Ignorance can be bliss
Life without ignorance would be boring. Imagine running out of new things to experience, learn or discover.
In the new edition of ANU Reporter, PROFESSOR MICHAEL SMITHSON, FASSA, looks at the role of ignorance in everyday life.
We usually think of ignorance as a bad thing. But it can be preferable not to know some things.
There are also many things we may never want to know, or that we may want others never to know. Imposing ignorance on ourselves and each other can be legitimate.
In some competitive sports, politics or warfare, deception is expected and is the norm.
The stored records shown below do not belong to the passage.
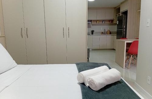 Estúdio em Cond. C/ Pisc. A 550m Praia TOR0407 offers accommodations in Imbituba, a 6-minute walk from Vila Beach and 19 miles from Garopaba Bus Station. This property offers access to a terrace, free private parking, and free Wifi. The apartment features an outdoor swimming pool and an elevator. The air-conditioned apartment consists of 1 separate bedroom, 1 bathroom with a hair dryer and free toiletries, and a seating area. Towels and bed linen are available in the apartment. The accommodation is non-smoking. If you'd prefer to not eat out, you can make use of the kitchen facilities, which include a microwave, coffee machine, and a fridge. Siriu Dunes is 21 miles from the apartment, while Middle Lake is 13 miles from the property. Humberto Ghizzo Bortoluzzi Airport is 48 miles away.
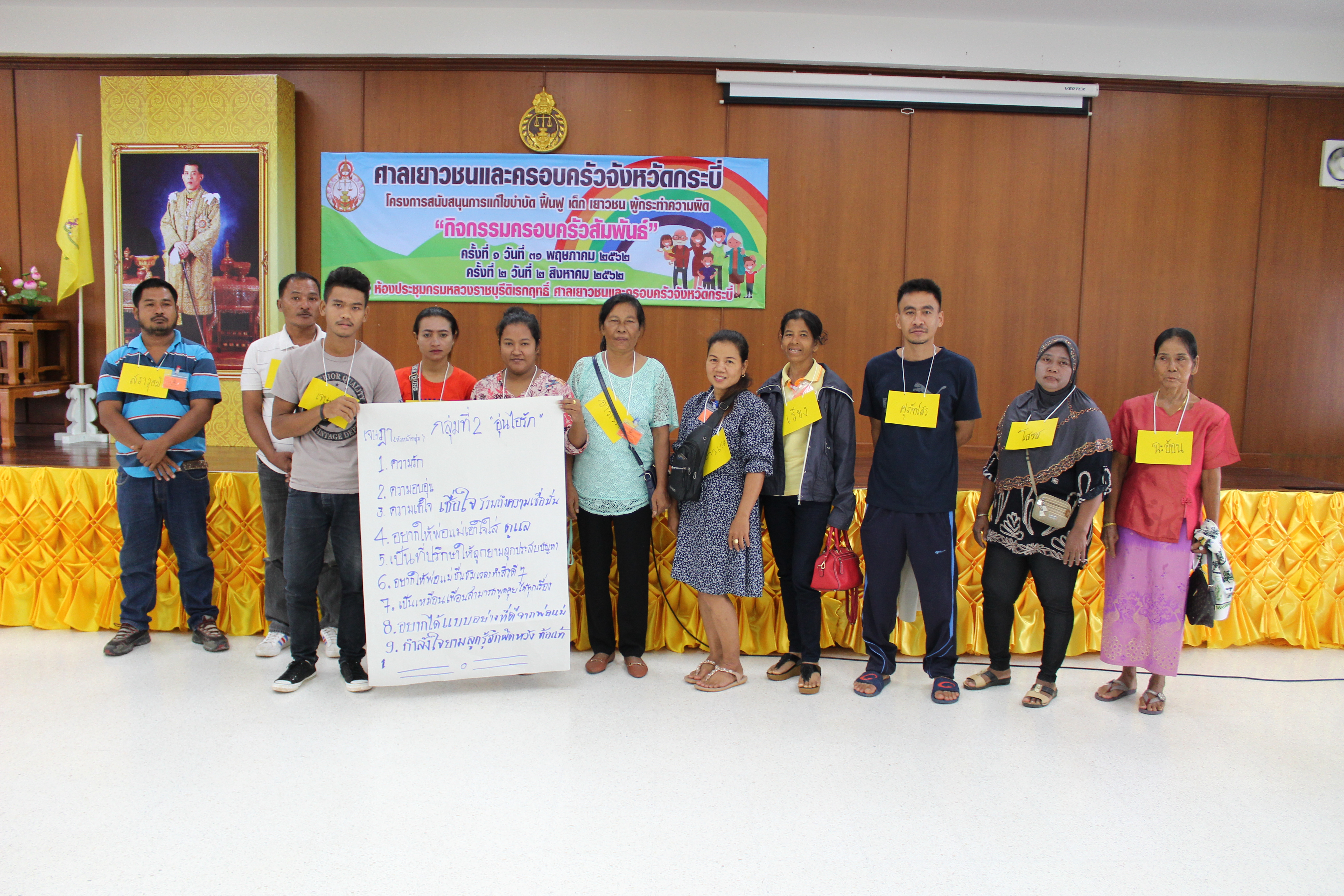ทั้งนี้ ศาลเยาวชนและครอบครัวจังหวัดกระบี่จะดำเนินการจัดกิจกรรมครอบครัวสัมพันธ์ ครั้งที่ ๒ ในวันที่ ๒ สิงหาคม ๒๕๖๒ ซึ่งจะเป็นการจัดอบรมให้แก่บิดา มารดา หรือผู้ปกครอง รวมทั้งเด็กและเยาวชนซึ่งเป็นบุตรหลาน ณ ห้องประชุมกรมหลวงราชบุรีดิเรกฤทธิ์ ศาลเยาวชนและครอบครัวจังหวัดกระบี่
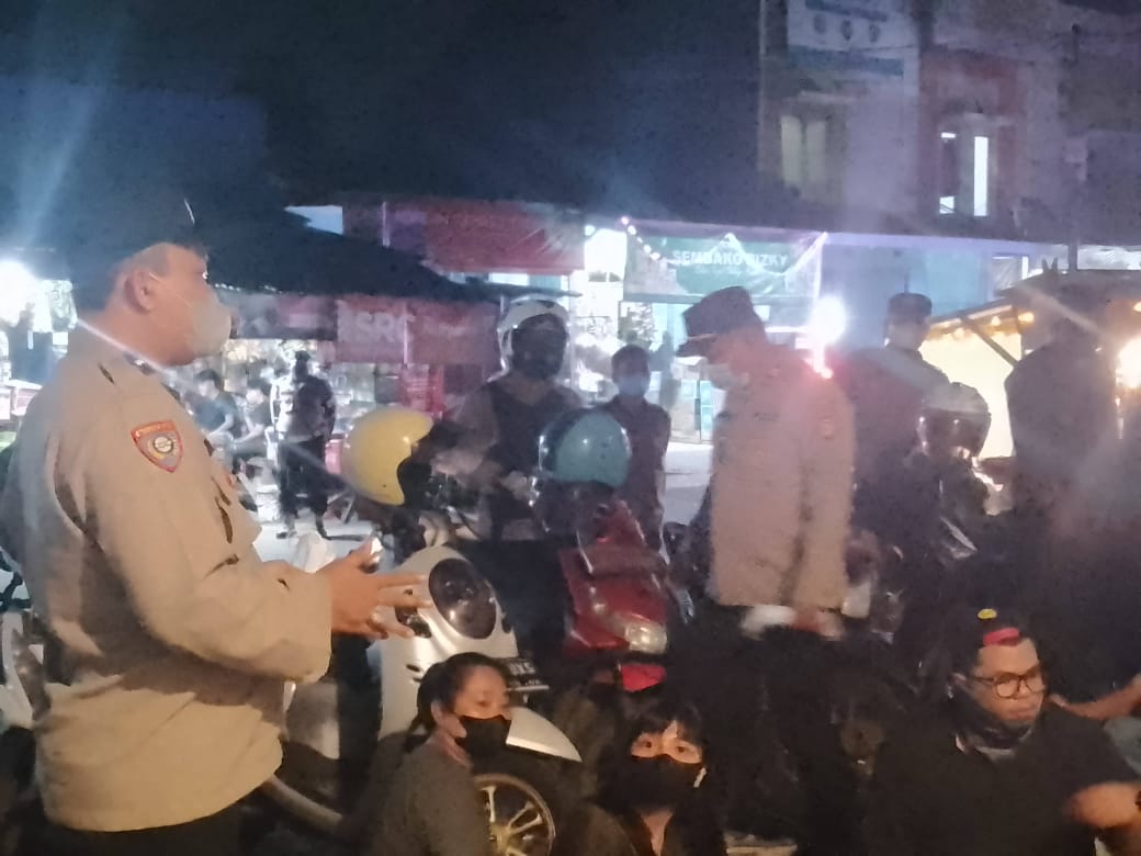 KOTAMADYA TANGERANG, BANTEN | Guna mengantisipasi penyebaran, penularan virus Covid-19 varian Omicron dan pendisiplinan Prokes di PPKM Level 3, Kapolsek Jatiuwung bersama Waka Polsek, Kanit Binmas dan 10 anggota personel melaksanakan kegiatan Operasi Yustisi PPKM Level 3 dan bagikan Masker, Jum’at (04/03/2022), pukul 21:00Wib.
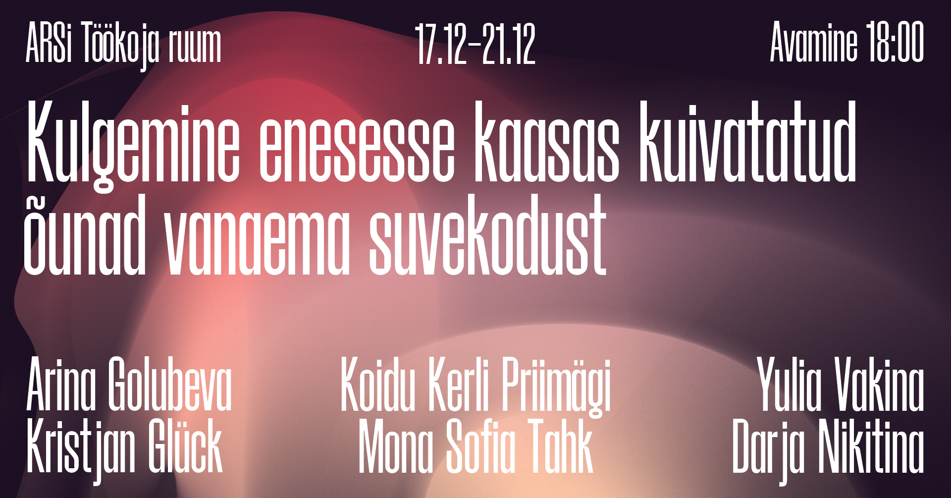 Detsembrikuus avaneb ARSi Töökojas noorte kunstnike näitus „Kulgemine enesesse“, mis käsitleb elu kui looklevat ja mitmetahulist teekonda. Näitus on sündinud Eesti Kunstiakadeemia disainiteaduskonna installatsiooni kursuse raames ning toob esile teosed, mis peegelduvad isiklikest läbielamistest, kodukolde ja soojuse igatsusest, elu sõlmpunktidest ning inimese ja keskkonna vahelistest seostest.
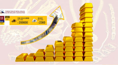 काठमाडौं । तिहार बिदापछि आइतबारदेखि खुलेको बजारमा सुनको मूल्य एकैदिन ११ हजार ६ सय रुपैयाँले घटेको छ । नेपाल सुनचाँदी व्यवसायी महासंघका अनुसार, आइतबार सुनको मूल्य घटेर प्रति तोला २ लाख ४१ हजार ९ सय रुपैयाँ कायम भएको हो ।
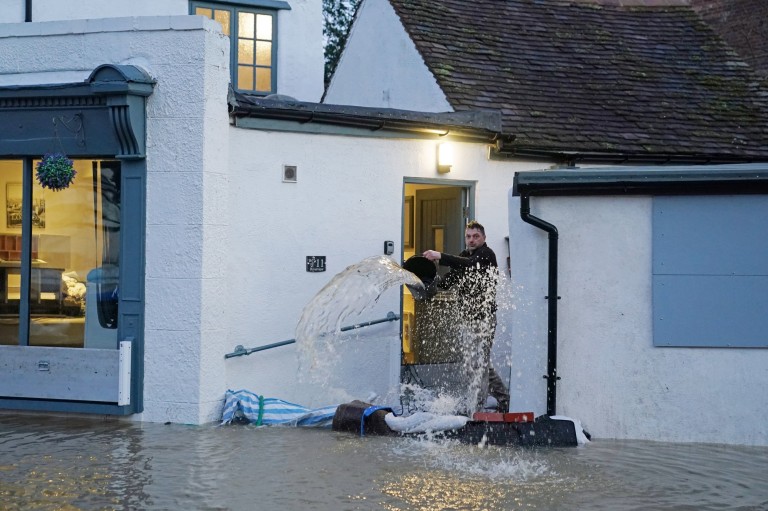 Một người đàn ông múc nước ra khỏi nhà ở Bewdley. (Ảnh: PA)
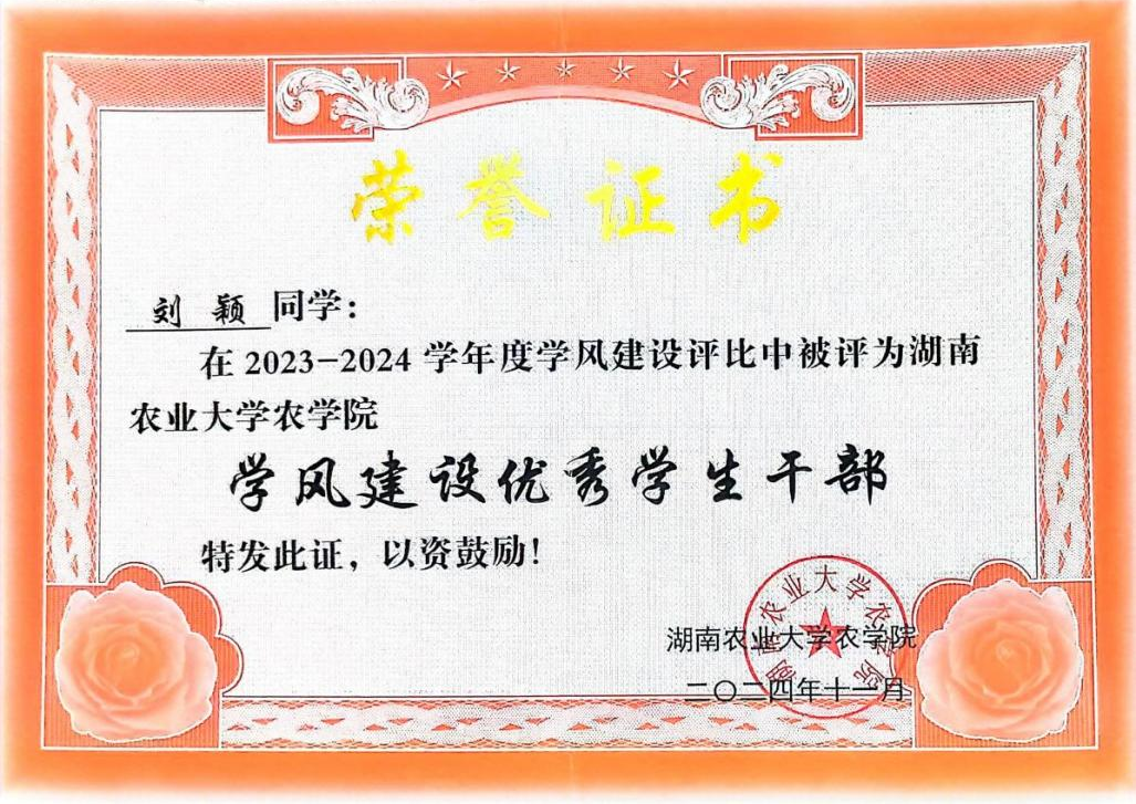 2024-2025学年3044am永利集团官网农学院学风建设优秀学生干部
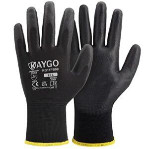 KAYGO 12 Paar Arbeitshandschuhe für Herren Damen, PU beschichtet Schutzhandschuhe, antirutsch Griff an Handflächen und Fingern, Geeignet für DIY allgemeine Arbeit Gartenarbeit (Schwarz, L, Gr 9)
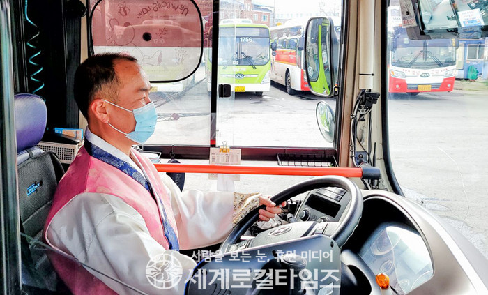 [세계로컬타임즈 조주연 기자] 전북 전주지역 시내버스 운전사들이 이번 설에 한복을 차려입고 운행한다.
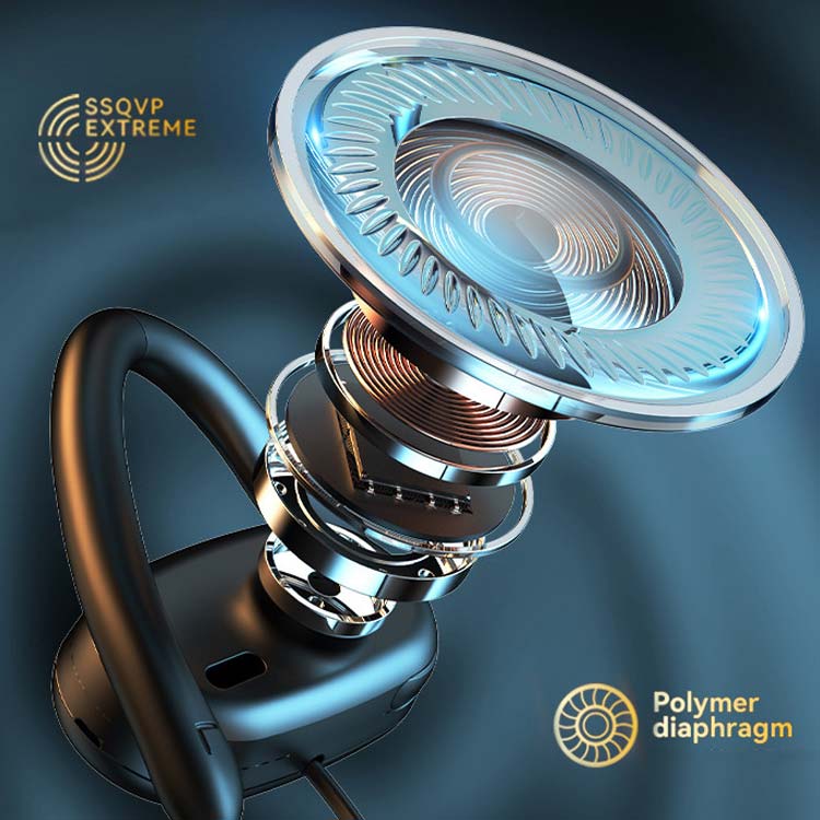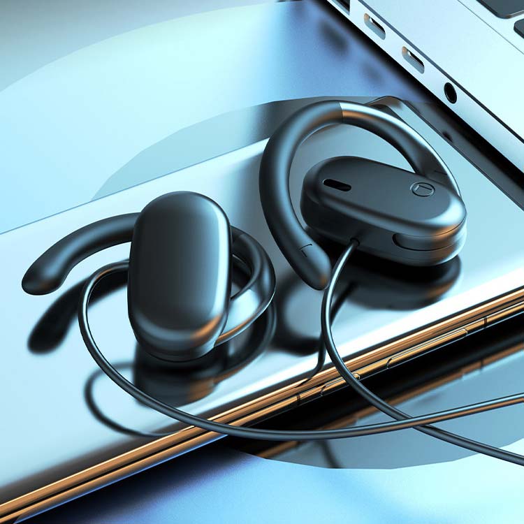 【耳掛け式】両耳合わせて28gの超軽量タイプで、長時間装着しても耳への負担が少なく、付けるのを感じられないほどの軽さです。また、耳の形にピッタリフィットする耳掛け式で、激しい運動中も落下の心配もありません。
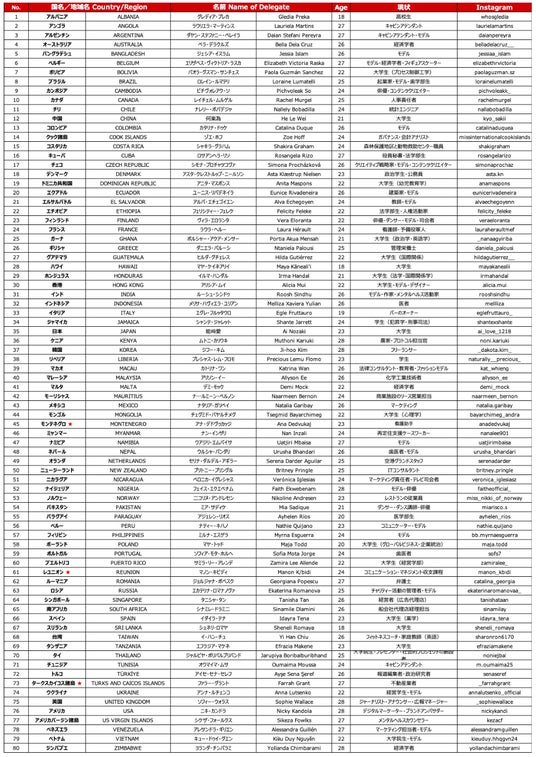今年は80※の国と地域から“美と平和の親善大使”の出場が決定しました。 そのうち、モンテネグロ、レユニオン、タークス・カイコス諸島の3カ国・地域が初出場を果たします。代表者たちは11月12日(水)より来日し、約2週間にわたり日本各地で社会貢献・文化交流活動を展開します。 これらの活動は大会審査の一環でもあり、“外見の美しさ”だけでなく、思いやりや知性に裏づけられた“心の美しさ”が問われます。
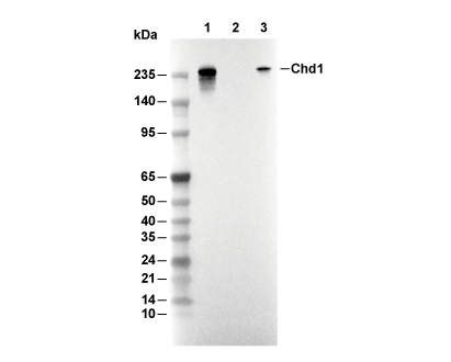 • Lane 1: HEK-293T, Lane 2: HEK-293T (KO CHD1), Lane 3: K562
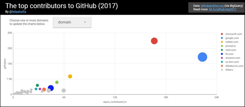 Based on data collected throughout last year and compiled by Google’s BigQuery engine, Microsoft employed the highest number of GitHub contributors for 2017, taking part in the second highest number of repositories worldwide, behind Google. Its own most active repository is VS Code, for the Visual Studio Code editor, which recently displaced its namesake predecessor Visual Studio as Stack Overflow users’ most popular developer environment.

Ignorance even can be a virtue. Those of us who respect each other's privacy are being virtuously ignorant.
Polite and civil people impose ignorance on one another through tact, evasion and even lies. They facilitate harmonious social relations by avoiding embarrassing or antagonising each other.
An easy place to begin thinking about the topic of ignorance is all the uses we have for temporary ignorance. Much of our entertainment depends on it. Imagine knowing in advance the endings of all the movies you'll ever see.
Life without ignorance would be boring. Imagine running out of new things to experience, learn or discover.
Every culture has taboos, which include topics or domains into which inquiry is forbidden and, therefore, ignorance of those topics is virtuous.
I've been researching this topic for 30 years but I have never had an opportunity to offer a course in it. The main reason for this is that a course on ignorance has no natural 'home'. It doesn't belong to any particular discipline. Instead, it sprawls across disciplines.
Every discipline with a research tradition, such as physics, history or mathematics, has its own methods for replacing ignorance with knowledge. They also have declarations regarding the kinds of unknowns those methods can deal with and the kind they cannot.